Conventional wisdom has always held steerable motors while attempting to correct the actual well trajectory back to the planned trajectory most often generate that tortuosity. However, in the early days of drilling in the mid-continent area of the US, drillers observed a problem with running tubulars into wells.

A vertical well drilled with a 12-1/4-in. bit would not drift 12-1/4 in. This led Lubinski (crooked hole described in the early 1950s) to develop a formula for determining the minimum drift size for a hole drilled with a given collar and bit combination (or the reverse). This became known as the "crooked hole country" formula.

Thus, there was early recognition of the potential for problems due to the fact that the wellbore was not straight. This recognition predated the first use of steerable motors by some 30 years. Today, several types of drilling tools, including those developed by Halliburton Energy Services' Sperry-Sun, are targeted at achieving reduced hole tortuosity as measured by survey data, with a view to reducing torque and drag.

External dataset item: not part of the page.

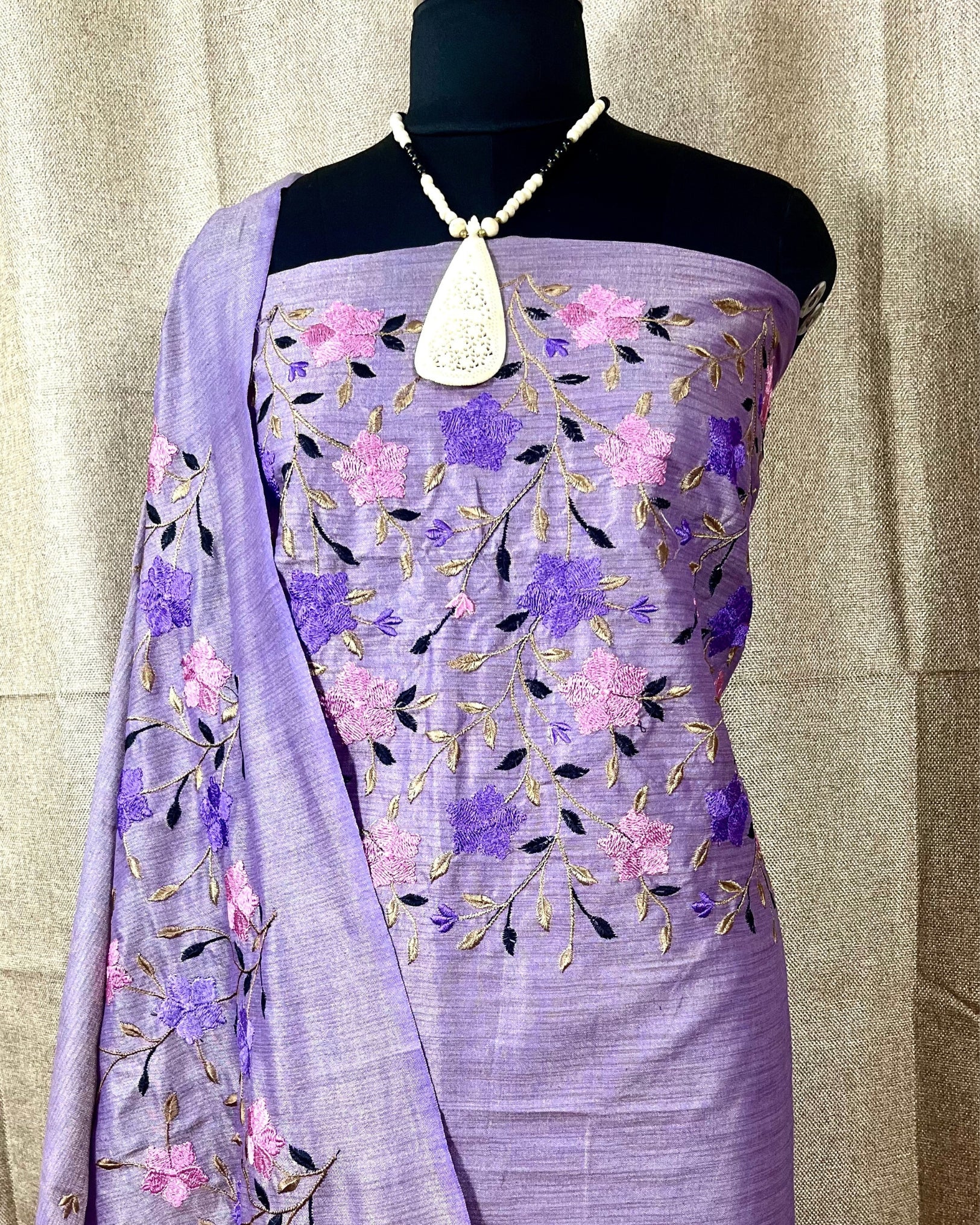 Work: Embroidery Measurements: Top: 2.4-2.5 Meter Length, Bottom: 2.4-2.5 Meter Length, Dupatta: 2.4-2.5 Meter Dupatta Fabric: Khadi Cotton Package Contains: Unstitched Fabric: Top + Bottom + Dupatta Wash Care: Gentle Handwash with Mild detergents. Wash separately. Dry in Shades. Disclaimer: Color hues may slightly vary from that which appears in the image due to different screens and displays Minor irregularities is the uniqueness of handcrafted products and makes each piece exquisite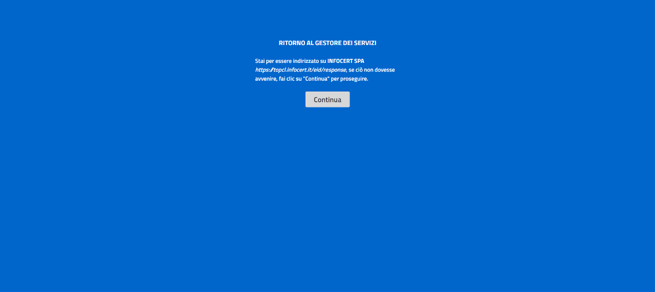 Dopo aver fatto clic su Autorizza, un messaggio a video indicherà che si verrà reindirizzati sul portale Infocert. E’ sempre possibile procedere in autonomia cliccando sul tasto Continua.

Obvious examples are adjustable gauge stabilizers and adjustable gauge motors, and more recently, rotary steerable systems. In parallel, it is commonly suggested that bent-housing steerable motors increase tortuosity as measured by survey data by mixing high dogleg sliding footage and low dogleg rotating footage. In brief:

  • Low dogleg = low torque = "good."
  • High dogleg = high torque = "bad."

Recent evidence suggests that any torque and drag benefits derived from reducing dogleg as measured by survey data (macro-tortuosity) are likely to be completely overwhelmed by the torque and drag generated by poor wellbore quality (micro-tortuosity).

Long gauge bits

Relationship between bit diameter and drill collar diameter creating a self-limiting system as per Lubinski.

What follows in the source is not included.